Colony formation assay
Using the clonogenic survival experiment, we investigated a single cell’s potential for growth after PI3Kca knockout. A summary of the procedure involves irradiating the cells with single doses ranging from 0 to 6 Gy after PI3Kca was knocked out. After irradiation, two milliliters of media containing 10% FBS were added to 6-well plates with the correct number of cells after trypsinization. For 9–14 days, the cells were maintained at 37 °C in an incubator with 5% CO2. Pasteurized saline (PBS) was used to wash the colonies, followed by 4% formaldehyde for fixation and 0.5% crystal violet staining. Based on prior studies, the plating efficiency (PE), survival fraction (SF), and sensitization enhancement ratios (SER) were determined for every group (17).
Apoptosis assay
The assessment of apoptosis induction was performed by employing Annexin V-FITC and propidium iodide (PI) staining (eBioscience, USA) for both the irradiated and non-irradiated groups. In summary, five μl of Annexin V-FITC and five μl of PI were added to 500,000 cells suspended in 500 μl of binding buffer. The solution was allowed to incubate for 15 min at normal temperature in a light-excluded setting. Ultimately, the data were scrutinized utilizing a flow cytometer (BD FACSCalibur- USA). The data were processed using the FlowJo software program.
Chick chorioallantoic membrane assay (CAM Assay)
The CAM test is a well-known model for studying cancer cell invasion and metastasis.

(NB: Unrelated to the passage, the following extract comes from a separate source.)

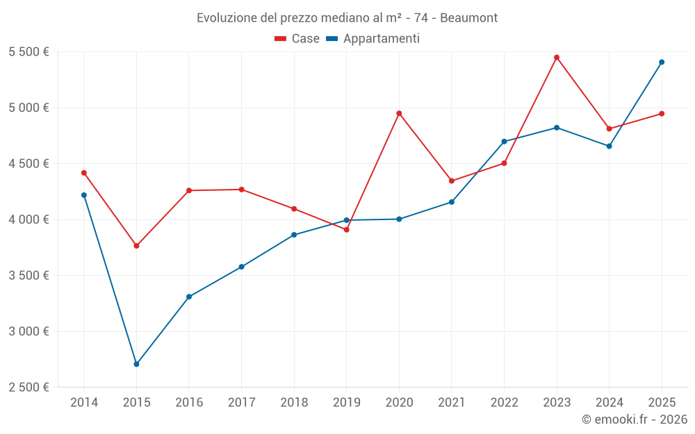 Il prezzo mediano sulle 18 transazioni di appartamenti degli ultimi 12 mesi nel comune di Beaumont era di 4 938 € al metro quadrato per un valore patrimoniale mediano di 341 750 €. In questo periodo il 60% delle transazioni era tra 4 185 e 5 581 € al metro quadrato (dal 2° all'8° decile).

There are many benefits to using the CAM method. This in vivo model is easy to replicate, inexpensive, and allows large-scale screening. Our study aimed to investigate the impact of PI3Kca knockout combined with irradiation on MDA-MB-231 cells. We applied the method described in our previous study (17).
Statistical analysis
The data were examined using GraphPad Prism 8. For statistical significance analysis, a two-way analysis of variance (ANOVA) or Student’s t-test was used. A P-value less than 0.05 proved statistically significant, and the findings were shown as the mean plus or minus the standard deviation.
Results
gRNA cloning and assessment of the transfection effectiveness
The length of the band containing the PI3Kca gRNA, as determined by electrophoresis after purification of the PCR products, was determined to be 450 base pairs (bp). Furthermore, Sanger sequencing verified that the intended gRNAs were located in the correct position on the vector, close to the U6 promoter. After 24 hr, the transfection effectiveness was assessed using an inverted fluorescence microscope. Approximately 50% transfection efficiency was calculated for MDA-MB-231 cells. The transfection efficiency was examined 24 hr later using an inverted fluorescence microscope. The MDA-MB-231 cells have been demonstrated to have an acceptable transfection rate (Figure 1).
Figure 1.
(A) Verification of the cloning of the PI3Kca gene into the plasmid. (B) The agarose gel electrophoresis was utilized to analyze the colony PCR products. (C) The MDA-MB-231 cells were transfected with GE100018 and the gRNA
NC: Negative control; SCR: Scramble; and Ko-PI3 (PI3Kca gene knock-out)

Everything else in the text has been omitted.